The exact spot at which the coastline north from Aberdeen turns to run west towards Inverness is debatable. But one contender must certainly be Cairnbulg Point, two miles east of Fraserburgh and immediately to the north west of the village of Cairnbulg and its eastern neighbour, Inverallochy.
Cairnbulg Castle, to the south west of the village, can trace its origins back to the 1200s and fishing communities were well established on this coastline by the 1500s. In the 1850s a visitor noted that the villages on the coast were little more than collections of huts next to which fishing boats were dragged out of reach of the tide.
The 1860s brought cholera to the area. The inadequate housing made the epidemic worse and it was later cleared away to make room for planned fishing villages at Inverallochy and Cairnbulg and, a mile or so down the coast, at St Combs.
The much larger new villages were needed to cope with the boom in the herring fisheries, and by the 1880s well over 200 fishing boats operated from these two villages. The settlements were built as fisher cottages set in rows, gable end to the sea to minimise the effect of storms. The spaces between them were used to shelter the boats dragged up out of the water.
Today the houses remain but most of the boats have gone.
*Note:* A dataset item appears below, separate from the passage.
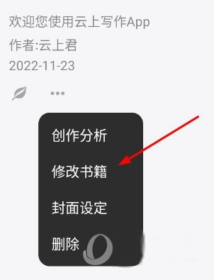 在云上写作中想要修改书名,那么你需要返回书架主页面,点击书名下方的三个点图标,在弹出来的菜单中选择【修改书籍】。

Some leisure craft use the tidal harbour at West Haven half a mile to the west of the village and overlooking Fraserburgh Bay. But by the end of the 1800s most fishing activity had moved to Fraserburgh's much more sheltered harbour. Getting the fishermen from their homes in St Combs, Cairnbulg and Inverallochy to Fraserburgh presented a problem that was solved by the building of a light railway linking the three in 1903.